I own the GOSM Big Block and use fairly large chunks (fist size) of wood. I have noticed that the smoke gets heavier just prior to it burning out so I usually will replace a chunk at that time, leaving the old chunk in the cast iron box if there is room or trying to break the old chunk up into smaller pieces. 
I never probe my ribs, only monitor the smoker temp. Also, in your manual, there are instructions on how to calibrate the temp gauge that is in the door. If I recall, there are two nuts on the back of the gauge and you adjust the needle by turning one of those nuts. I have several maverick therms, so do not pay much attention to the stock thermometer in the door.
I usually run around 220 - 230 and find that 3-2-1 works for spares and 2-2-1 works for baby backs.


----------



## bernie

Thanks everyone!

I'm going to give it another shot today with a few modifications.  Got some pork tenderloin marinating in the fridge we'll see how it turns out


----------



## scpatterson

remeber that the Tenderloin cooks to 140-150 no more....Dnt worry about times monitor the chamber temps and meat temps


----------



## bernie

Finally flattened out the tabs on the side vents and closed them:

Added a temporary thermometer where the stock one should be (stock was broken):

Pork tenderloin, marinated it 24 hours in some asian marinade, this is at about 135 F:

Finished product:


-----

First off, I'm totally stoked that I got the GOSM to work the way I want it to.  I removed the lid from the stock smoke box and put in dry chips, closed the side vents and bought a thermometer from home depot and put it in temporarily.  I think I might pick up some Tel-Tru thermometers, any recommendation on whether I should get the 2.5" or 4" stem?  

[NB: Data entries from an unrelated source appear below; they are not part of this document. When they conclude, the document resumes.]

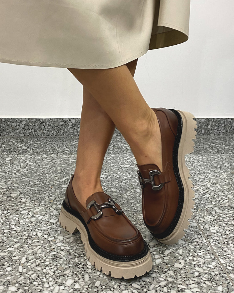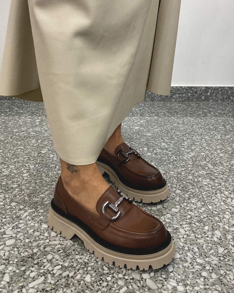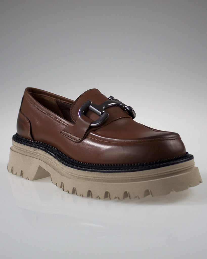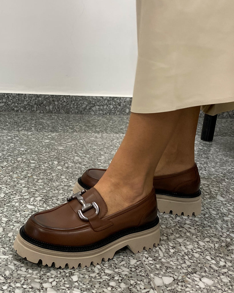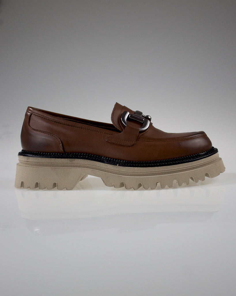 Brio 802 Mocassino da donna cuoio con Guardolo e Accessorio Nickelato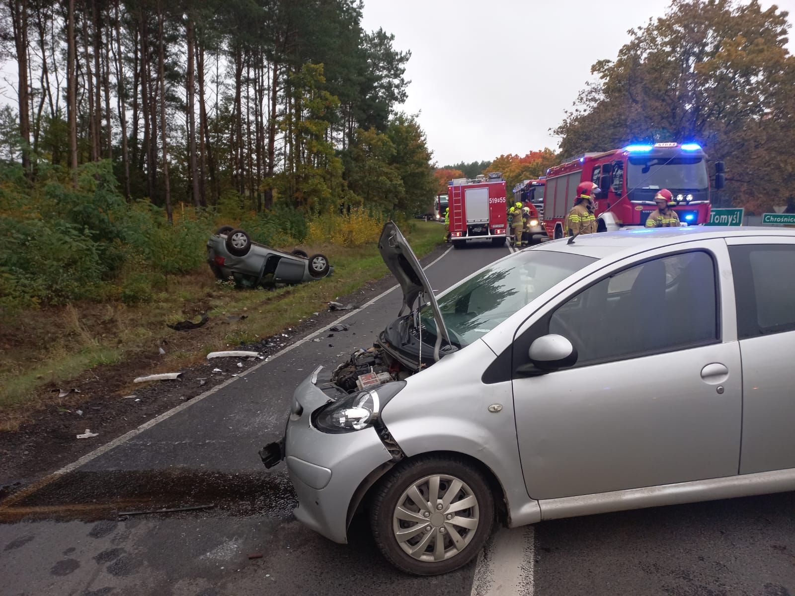 Po przybyciu pierwszych zastępów na miejsce zdarzenia zastano 2 samochody osobowe, jeden z nich Toyota Aygo na środku drogi prostopadle do osi jezdni, drugi samochód Toyota Yaris na dachu w przydrożnym rowie. Z obu pojazdów osoby kierujące wyszły przed przybyciem zastępów straży na miejsce zdarzenia.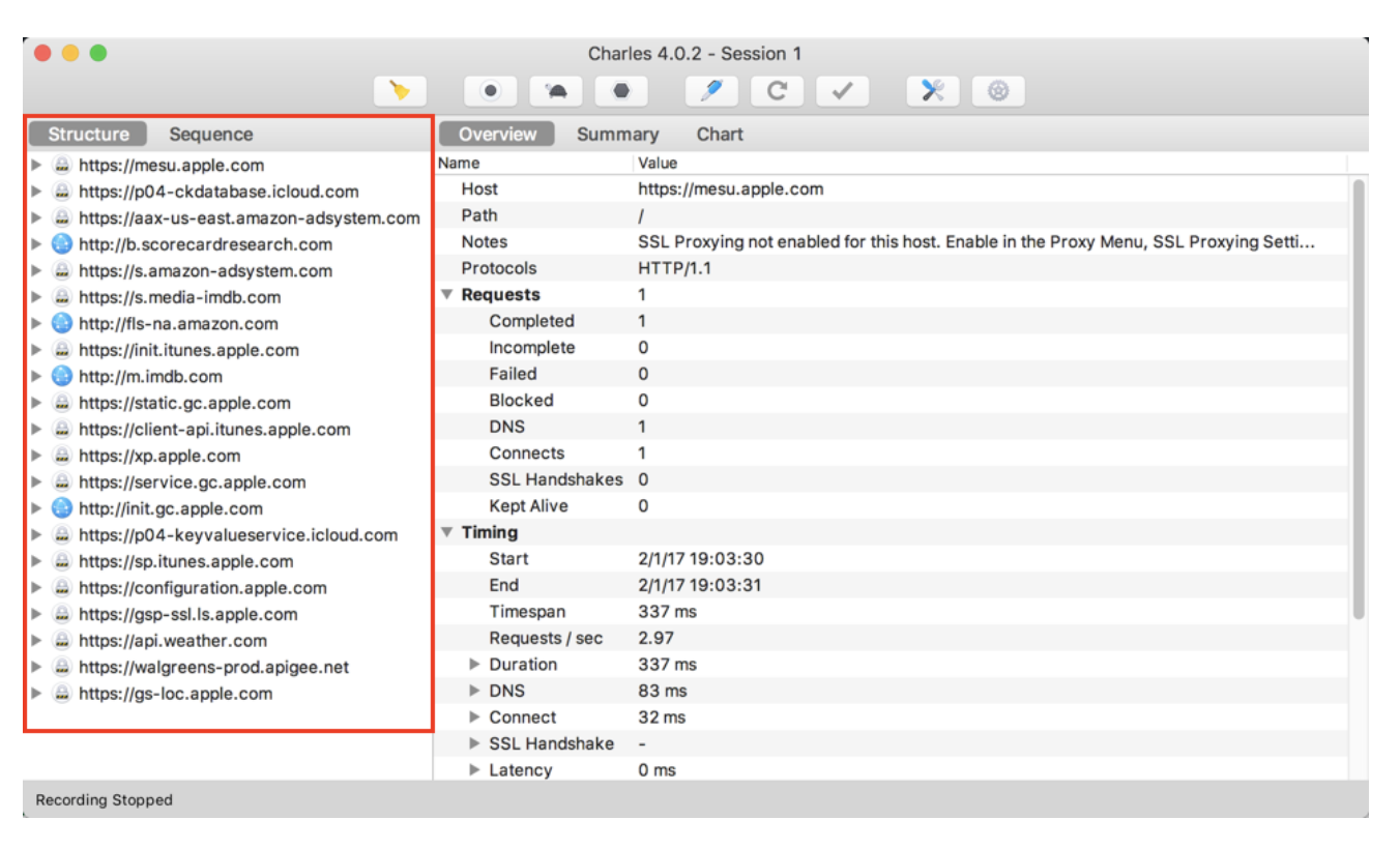 Grant Privileges를 클릭하고 비밀번호를 입력하면 Charles이 실행되자 마자 네트워크 이벤트 기록을 시작하고 왼쪽 패널에 기록된 이벤트를 확인 할 수 있습니다.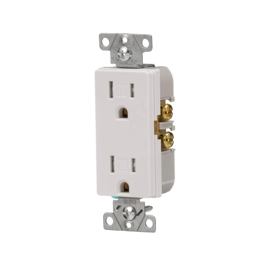 - White finish commercial grade decorator duplex receptacle offers 15A, 125V capacity designed to provide a dependable, long lasting user experience while increasing speed and efficiency of installation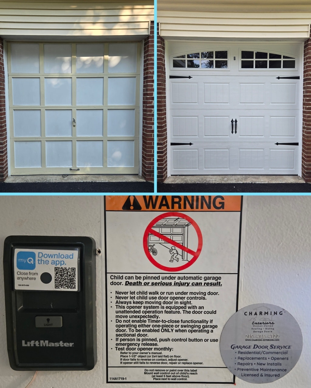 Out with the old, in with the bold! We transformed this garage with a brand-new Clopay Gallery insulated steel door—featuring an 18.4 R-value for top-tier energy efficiency and stylish Arch 1 grille windows for added charm. Paired with a LiftMaster belt drive WiFi opener, this setup delivers smooth, quiet operation and modern convenience, complete with an exterior keypad and emergency release kit. From top panel struts to fresh weatherseals, every detail was upgraded for durability, performance, and curb appeal that lasts.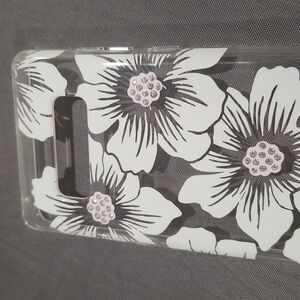 KATE SPADE Flexible Hardshell Case Tropical Floral Design Clear with white floral patttern and silver glitter details Designed for Samsung Galaxy Note8 New in original box Cell phone protective case Decorative cell phone holder Phone case Playful & Strong Drop-Tested 6 feet

Not so happy with the pork tenderloin however, I barely got any smoke ring at all and it was wayyy too sweet.  I'm thinking the sweetness is from the marinade which was like 80% ketchup and because I used cherry wood.  Not so sure about the smoke ring, any ideas? It cooked for about 2 hours @ 225 F, came out super moist (brined it for about 8 hours before marinading it)

I got a bbq coming up for my friends and family next week, there's going to be about 50 of us.  Nervous.  Wish me luck :)  We're doing baby back ribs!


----------



## scpatterson

Hell it looks good. As you play with your cooker it will get easier.

If it was too sweet i would say it was your marinade.

As far as the smoke ring all I can say is each piece of meat is different. I dont have any suggestions really for you on that.

Atleast it was moist...What temp did you pull it at and what kind of therm are you using for the meat..You may ahve posted and I missed it

Looks good none the less


----------



## bernie

Thanks!

I pulled it 150 like you suggested and i used a taylor probe, you should be able to see it in the 3rd pic


----------



## raceyb

I think you have too much going on at once with that pork. I would not brine and then follow that up with 24 hours of marinade. I would be surprised if you could taste any pork.

In my experience, tenderloins do not need brining. The only reason they would dry out is from overcooking or improper cooking. Tenderloins can benefit from 4-12 hr marinade, depending on marinate strength. I usually prepare and place in my mojo or marinade the morning of my smoke.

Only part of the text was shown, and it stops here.